Des matériaux qui se réparent tout seuls

Tous les objets de notre quotidien ont une durée de vie limitée et parfois trop courte. Cependant, l’être humain est capable de vivre beaucoup plus longtemps. Serait-il donc possible de se baser sur le principe du corps humain pour étendre la durée de vie de nos objets du quotidien?

vélo cassé

Un vélo cassé qui se réparerait tout seul, est-ce pour bientôt? (Image: CanStockPhoto / zothen)

Que ce soit un téléphone portable, des chaussures, une voiture ou un vélo, ils casseront tous en quelques années et il faudra les remplacer. Cependant, les êtres humains, comme toi, sont capables de vivre en moyenne 80 ans car le corps humain a la faculté de se régénérer tout seul. Si nous arrivions à baser le cycle de vie des matériaux sur le même principe que celui des êtres humains, il serait donc possible d’étendre la durée de vie de nos objets du quotidien.

Des recherches sont actuellement réalisées sur des matériaux que l’on appelle composite. Les fameuses fibres de carbone sont un exemple de ces composites dont on entend beaucoup parler. Elles sont utilisées de plus en plus dans les équipements de sport, dans les voitures ou encore dans les avions.

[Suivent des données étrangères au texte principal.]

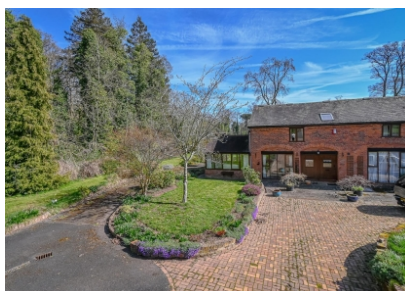
The Mill, Gatacre, Claverley

Des matériaux pour le transport

Un composite, comme son nom l’indique est composé de plusieurs matériaux, chacun ayant des propriétés physiques et chimiques différentes. La combinaison de ces matériaux nous permet d’obtenir des propriétés adaptées à l’application désirée. Par exemple, si l’application désirée est de rendre le chocolat croquant, il suffit d’y ajouter des noisettes. Et oui, le chocolat aux noisettes est un matériau composite!

fibres de carbone

Fibres de carbone. (Image: Cjp24/ Wikimedia commons)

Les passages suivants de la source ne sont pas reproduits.